# Is there Any Way To Register Wethers?



## goats_upper_michigan (Jun 18, 2017)

I got my first goat this year and he is a wether and i plan on showing him this year as 4-h. I was wondering if there is any way to register him?


----------



## groovyoldlady (Jul 21, 2011)

Not that I'm aware of - at least not for dairy goats (I'm not familiar with the ins-and-outs of Meat goat shows). But we have a few 4-H shows in Maine that have a class for unregistered goats. My daughter was able to show her mini-LaMancha even though she could not usually be shown since the shows are usually ADGA based. So check the show specs. You may be surprised!


----------



## nancy d (Oct 5, 2007)

As far as I know wethers do not need to be registered but they do need a scrapies tag to show.


----------



## Suzanne_Tyler (Jul 19, 2014)

I'm not sure about showing regulations, but you can register eligible dairy wethers with AGS and MDGA.


----------



## goats_upper_michigan (Jun 18, 2017)

@Suzanne_Tyler @groovyoldlady @nancy d 
Thank you at our fair you are not required to have your goat registered. Its just something extra I wanted to do just to have for my goat and to have as records. But A scrapie tag is required and im working on getting one He is a alpine


----------



## goatblessings (Jan 6, 2015)

You cannot register wethers through ADGA. The scrapie tag should be provided by the breeder.


----------



## goats_upper_michigan (Jun 18, 2017)

@goatblessings I didnt get a tag from the breeder I had to order one from the USDA.


----------



## groovyoldlady (Jul 21, 2011)

I have a Scrapie ID, but it never even occurred to me to get tags for the wethers I sold this year. Hmmmmmm.


----------



## goathiker (Apr 14, 2011)

You can indeed record a wether through ADGA. 
Print out the form for identification certificate. Fill it out, attach a sticky note specifying that this is for a wether certification. 
Tattoo your goat before sending it in. Use the breeder's tattoo or your scrapies ID number. 
No is a scrapies tags necessary, we don't tag pack goats.


----------



## goatblessings (Jan 6, 2015)

Are there different scrapie requirements for different states? I was told by my extension office I have to have either a tattoo or scrapies tag before leaving my farm.....


----------



## mariarose (Oct 23, 2014)

I've been told that in KY we must have a scrapies tag in the ear before going anywhere out of state.

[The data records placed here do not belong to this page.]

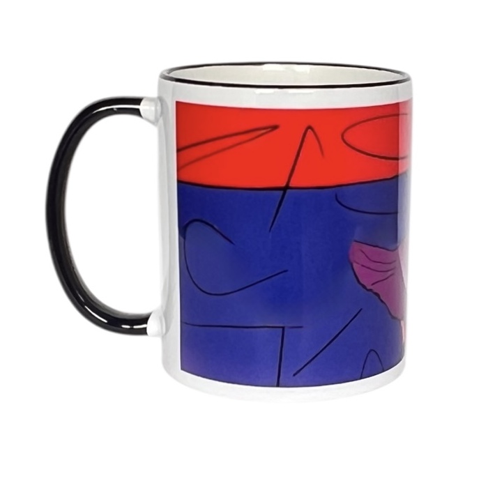 Kubek z ciemnym uchem i czarnym brzegiem. Autor projektu graficznego: Marta Grejc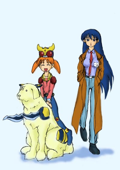 ちよちゃんがクウガで、榊さんが一条さん。で、忠吉さんがビートゴウラム。ちよちゃんが忠吉さんに乗って散歩しているのを見て、ピンと来てしまいました。一発ネタです。 鉛筆書きにブラシで直接彩色しています。ええ、もちろん時間のせいです。締切日に時計と睨めっこしながら描き始めました(笑)。サークル代表に「今回裏表紙無し」って電話したら却下されました。ま、当然ですね(爆)。ネタは用意していたのですが・・・。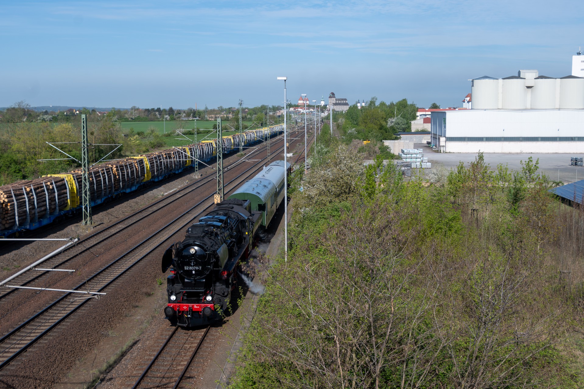 Her passerede 52 8079-7 en flod på en dog lidt nyere jernbanebro. Der skulle afsættes en fladvogn i udkanten af Wurzen mod øst, så der var et ophold på ca. 30 minutter, hvilket gjorde der også blev til billeder af da de satte i gang igen. Der efter kørte jeg til lidt efter Oschatz, og håbede på jeg var kommet foran toget igen – det var jeg heldigvis, og toget passerede forbi med en fin raps mark i forgrund/baggrund. Så gik turen ellers mere øst på, og jeg fik igen et par billeder af toget nord for Weinböhla.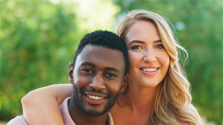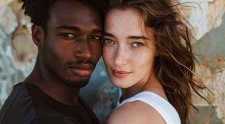 Portrait of a man and a woman hugging each other. Diverse interracial relationship, young couple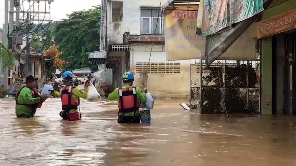 เชียงราย 13 ก.ย. – แม้ตอนนี้น้ำท่วม จ.เชียงราย จะลดลงแล้วในบางพื้นที่ แต่บางพื้นที่ยังคงมีน้ำท่วมขัง ทำให้การช่วยเหลือผู้ประสบภัยจากหน่วยงานต่างๆ ยังคงดำเนินไปอย่างไม่ลดละ และมีการคาดการณ์ว่าจะมีมวลน้ำไหลมาอีกระลอก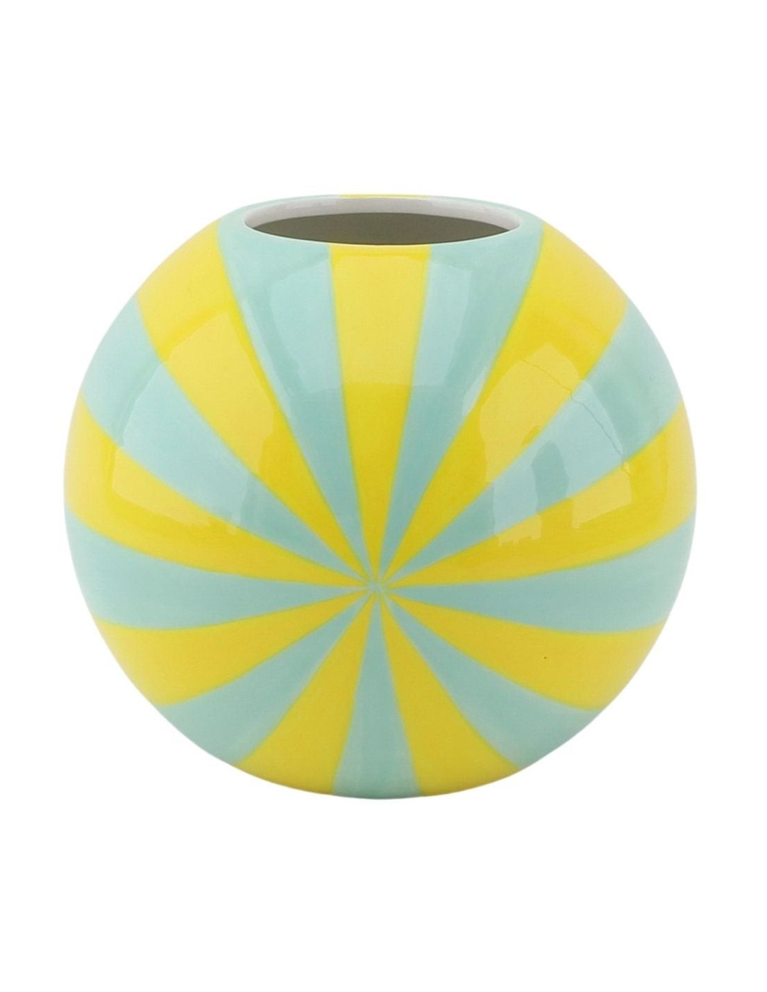 Vase dopamine Tourbillon Boule 15 cm Céramique Jaune Vert menthe Swirl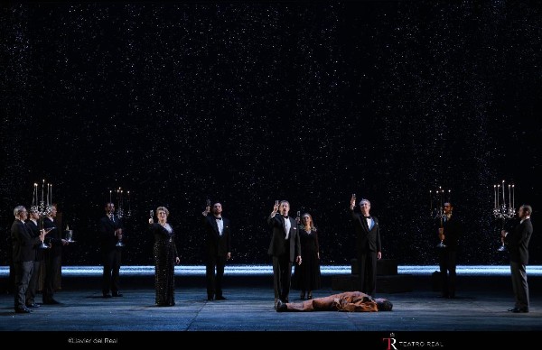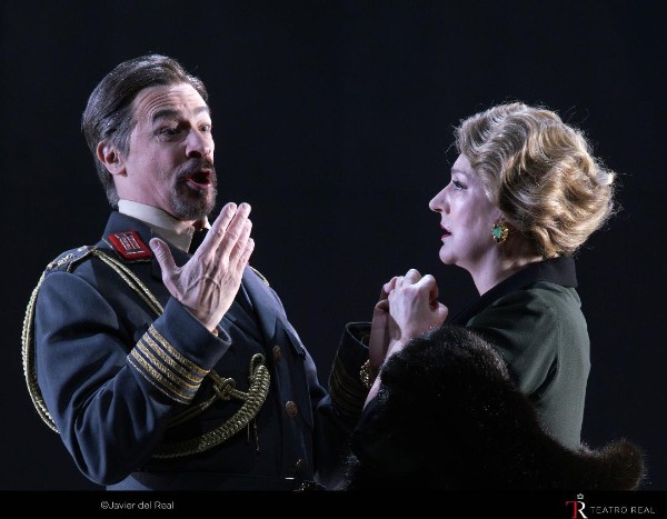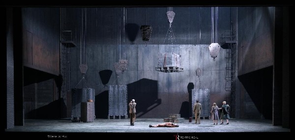 Nun setzte das Teatro Real seine „Rheingold“-Serie mit einer vor allem musikalisch äußerst eindrucksvollen 4. Vorstellung nach der Premiere am 17. Januar fort. Es feiert derzeit seinen 200. Geburtstag und nahm auch aus diesem Anlass die bekannte Kölner Produktion aus den Jahren 2000-2003 von Robert Carsen in sein Stagione-Programm. In einer Art Angelo Neumannscher Manier war sie auch schon in Venedig und Schanghai (Bericht im Merker 2010) zu sehen. Carsens Inszenierung setzt am konkreten Beispiel des Rheins auf das Öko-Thema der Zerstörung des Planeten durch den Menschen und ist deshalb auch nach so langer Zeit, trotz einiger innerer Widersprüche, immer noch aktuell – leider. Patrick Kinmonth war für die Bühne und die vorherrschenden, themenbedingt trist grau- und braungetönten Kostüme verantwortlich, mit einem mittlerweile schon überstrapaziert wirkenden Militär-Look Wotans als Vier-Sterne-General und seiner mit MPs bewaffneten Soldaten. Ian Burton gab dramaturgische Unterstützung.

However, that is ignored (not by me, because I'm sure I'd get caught) with breathless brazenness.


----------



## mariarose (Oct 23, 2014)

When I ask, where do you put the tag on LaManchas, I get a casual shrug.


----------



## Suzanne_Tyler (Jul 19, 2014)

mariarose said:


> I've been told that in KY we must have a scrapies tag in the ear before going anywhere out of state.
> 
> However, that is ignored (not by me, because I'm sure I'd get caught) with breathless brazenness.


I think (in NC at least) that the tattoo counts as scrapies.


----------



## goats_upper_michigan (Jun 18, 2017)

In Michigan I for my fair I was told my goat has to have a scrappie tag before he could leave my farm. I was told nothing about a tattoo


----------



## mariarose (Oct 23, 2014)

Here, I can get a special scrapie ear tag, or a special scrapie tattoo. Except my vet does not do the tattoo option. So I'm reduced to the ear tag.


----------



## goathiker (Apr 14, 2011)

You all live in the wrong state. Oregon follows the federal guidelines instead of making up the rules. 
If the dairy goats at the fair are not tagged then ADGA is acceptable to the state and people need to start pushing tattoo ID for wethers. Be it an ADGA number or a state premises ID, tattoos are definitely allowed in federal guidelines.


----------



## goatblessings (Jan 6, 2015)

Ours will take a tattoo IF it matches registration papers. Otherwise, you must have a scrapie tag.


----------



## mariarose (Oct 23, 2014)

Anyone else have a headache????

Anyway, so it is true that you can register a wether?


----------



## goathiker (Apr 14, 2011)

Record really no not true registration. Here I have one filled out for Jax.


----------